## Task details
All that is wanted is the line with "창원시(시장 허성무)는 23일" and each line after it to the end of the data below, set down exactly and without pictures.

★ ★ ★ ★ ★ ★ ★

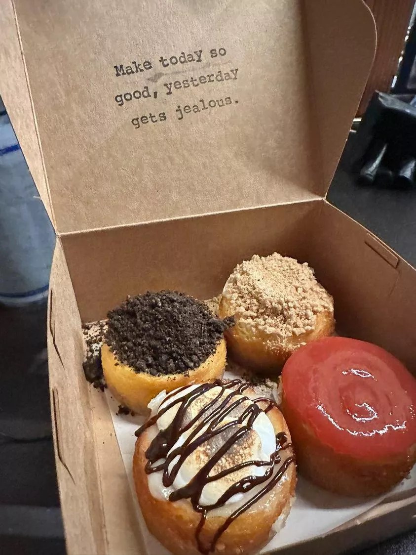 So I caught up with Morton to learn more about his business. “I just want to make people happy,” he says, which is why he stamps every one of his cake boxes with a quote that he holds dear to his heart: “Make today so good, yesterday gets jealous.”
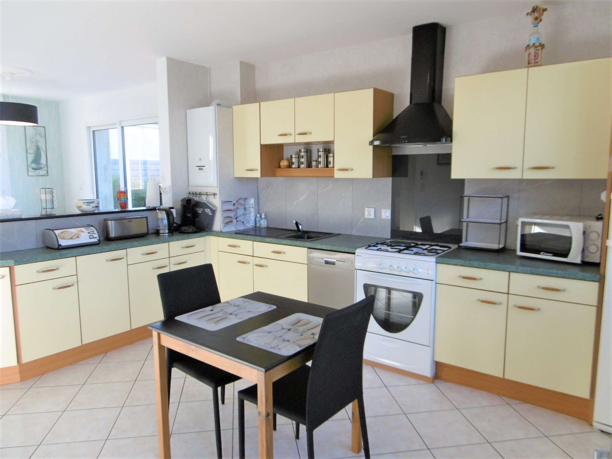 - Une cuisine toute équipée avec lave-vaisselle ouverte sur le séjour
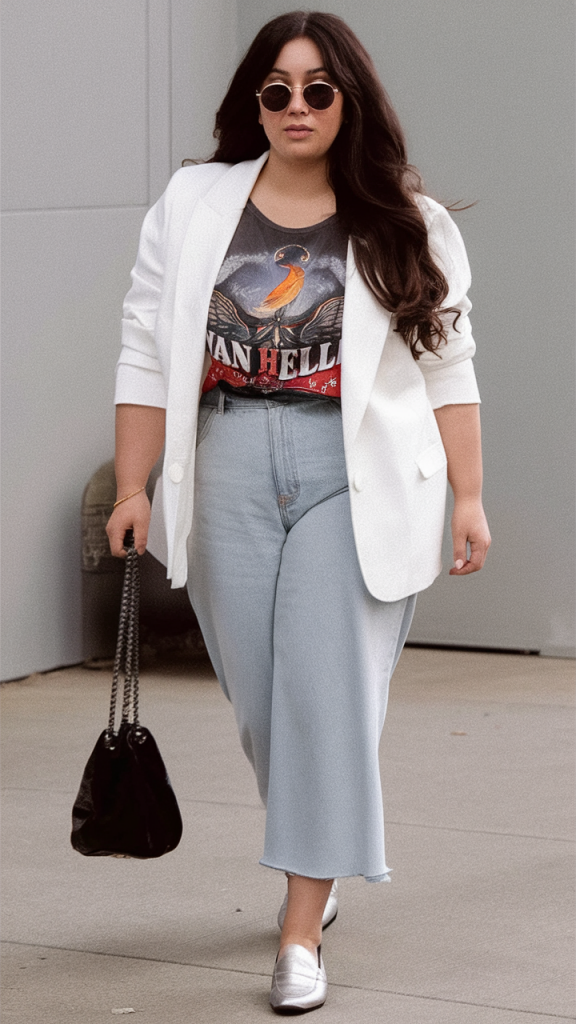 Elegant White Blazer Over Graphic Tee and Cropped Denim
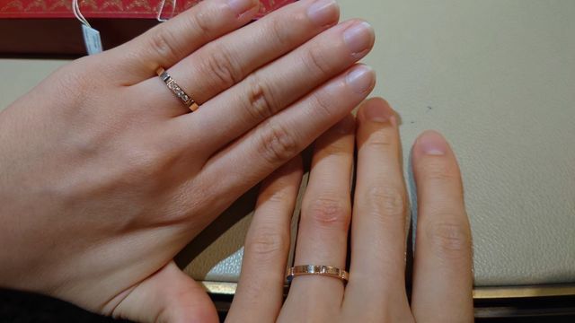 やはり、結婚指輪はリングタイプだけでなく、ダイヤが少しあるほうが魅力に感じていてさりげないダイヤに、中々ない、リングの形も気に入りました。
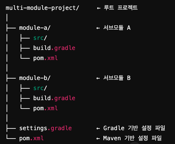 멀티모듈 프로젝트는 하나의 Root 프로젝트 아래에 여러개의 독립적인 서브모듈(SubModule)로 구성된 프로젝트 구조를 의미합니다.
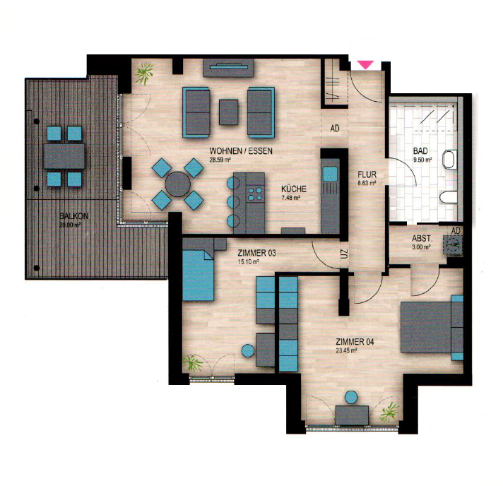 An den geräumigen Wohnbereich mit offener Küche schließt sich die Terrasse in Südausrichtung an. Sie bietet Ihnen weitere 20qm Lebensqualität! Details wie hochwertiger Parkettboden, Fußbodenheizung, großzügige Fensterfronten, elektrische Außenjalousien, Rainshowerdusche, Sicherheitstür, Videosprechanlage unterstreichen die besondere Qualität der Wohnung.
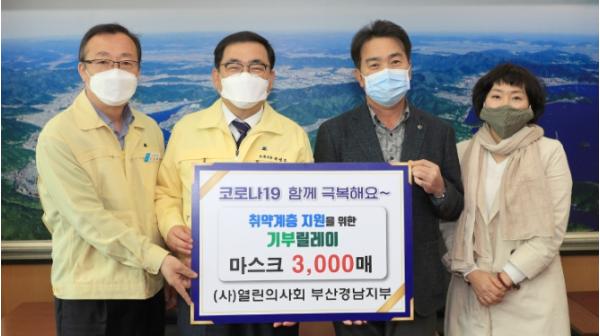 창원시(시장 허성무)는 23일 (사)열린의사회 부산경남지부(지부장 하해근)가 코로나19 예방을 위한 KF94 마스크 3,000매를 기탁했다고 밝혔다.
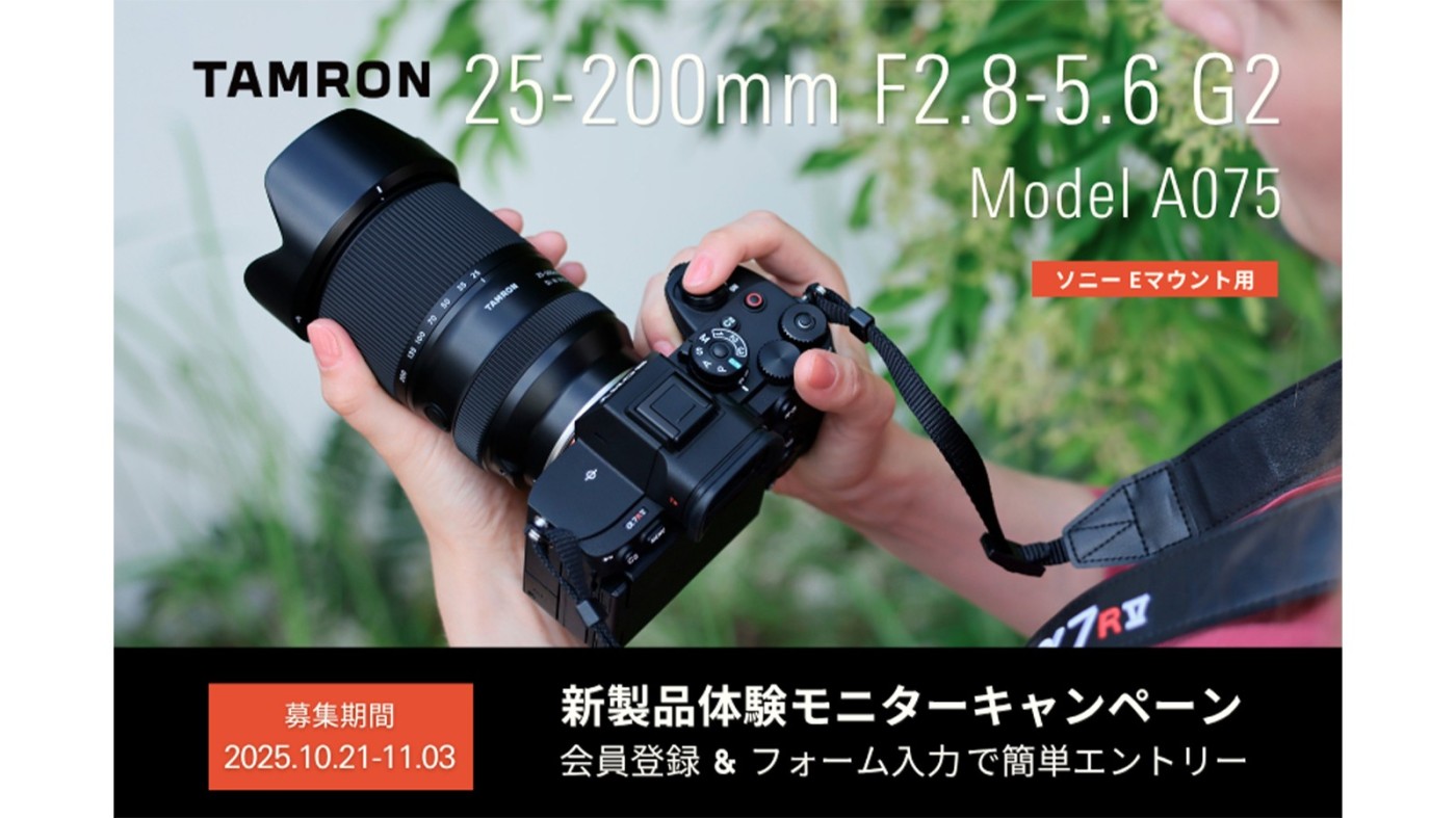 「高倍率ズームレンズのパイオニア」として進化を続けてきたタムロンが、創業75周年を記念して送り出す「25-200mm F/2.8-5.6 Di III VXD G2 (Model A075)」ソニー Eマウント用の発売を記念した、新製品体験モニターキャンペーンが実施される。

★ ★ ★ ★ ★ ★ ★

## Output for this task
 창원시(시장 허성무)는 23일 (사)열린의사회 부산경남지부(지부장 하해근)가 코로나19 예방을 위한 KF94 마스크 3,000매를 기탁했다고 밝혔다.
 「高倍率ズームレンズのパイオニア」として進化を続けてきたタムロンが、創業75周年を記念して送り出す「25-200mm F/2.8-5.6 Di III VXD G2 (Model A075)」ソニー Eマウント用の発売を記念した、新製品体験モニターキャンペーンが実施される。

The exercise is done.